Malgré qu’une présence féminine habitât ces lieux depuis plusieurs jours déjà, la pièce demeurait la même que dans son souvenir, même en ce qui concernait la propreté. Il ne semblait y avoir aucune trace de son passage, si ce n’était la couche que son fils s’était installé pour céder son lit à la jeune femme. Elle fut au moins satisfaite qu’ils fissent lits à part, bien qu’elle ne doutât pas de l’intégrité de son fils, cela dit. Juste de l’influence que cette femme pourrait développer sur lui à l’avenir – ou peut-être même déjà dans le présent.

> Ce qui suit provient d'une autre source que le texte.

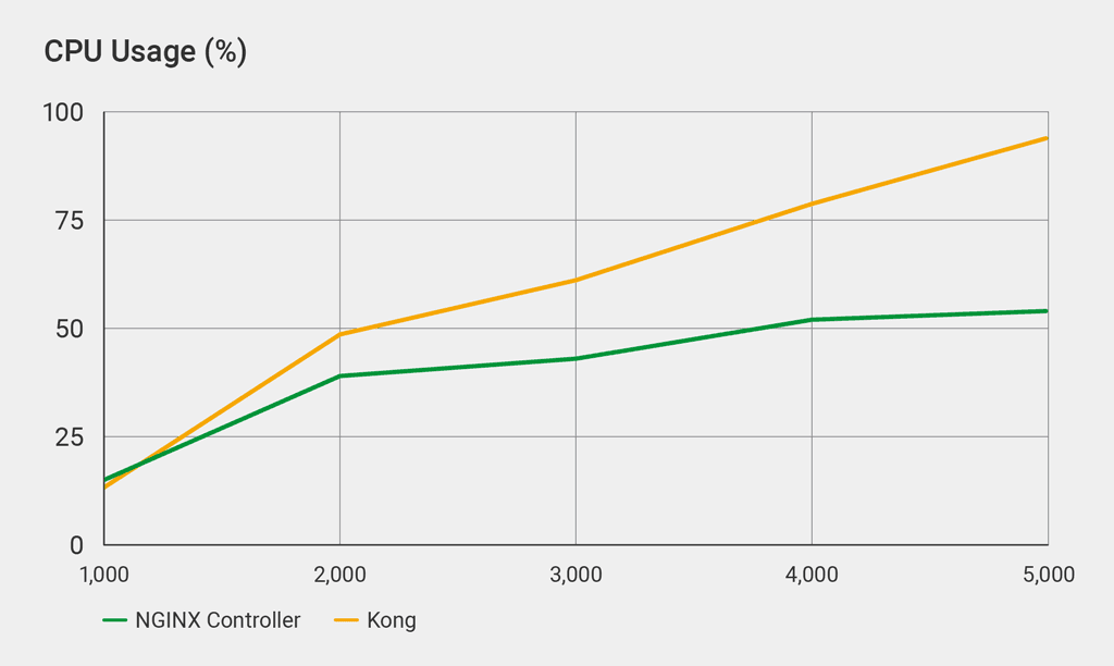 Kong effectively caps out at 5,000 API calls per second – latency spikes noticeably at call volumes any higher than that, indicating the system is fully loaded. At 5,000 calls per second, CPU usage is 93%, 73% higher than the API Management Module.

Et elle n’avait même pas le mérite de s’occuper de la maison, en plus.
– Nous avons entendu parler de la jeune femme que tu loges depuis quelques temps, déclara-t-elle alors sans préambule en tournant un visage sévère vers son fils.
Astronomix grimaça tandis qu’Astérix se tendait. Les yeux de ce dernier se plissèrent. Il devinait sans l’ombre d’un doute ce qu’ils avaient bien pu entendre d’autre.
– C’est exact, confirma-t-il bien qu’il ne voulût en aucun cas glisser sur ce terrain-là. J’héberge Luna depuis que Panoramix me l’a confiée, après avoir soigné ses blessures et alors qu’il partait. Elle avait besoin d’un endroit calme où se reposer et de quelqu’un pour surveiller l’évolution de ses blessures.
– Et elle est toujours là ? Panoramix est pourtant revenu depuis longtemps, non ?
– Praline…, tenta alors son mari pour la dissuader de poursuivre cette conversation.
Ce qui fut bien inutile, de toute façon.
– Oui. Ce n’est pas comme si elle avait foule d’endroits où aller, elle est amnésique en plus, répliqua Astérix d’un ton quelque peu agacé. Et contrairement à ce que certaines doivent penser et à ce qui peut se raconter, nous ne sommes qu’amis ; il ne se passe rien de plus.
– Je n’en doute pas, rétorqua sa mère mais son visage ne transmettait pas le même message ou du moins si c’était le cas, quelque chose d’autre ne lui plaisait pas.
Astérix fronça les sourcils. Il détesta d’autant plus les femmes et leur amour des commérages.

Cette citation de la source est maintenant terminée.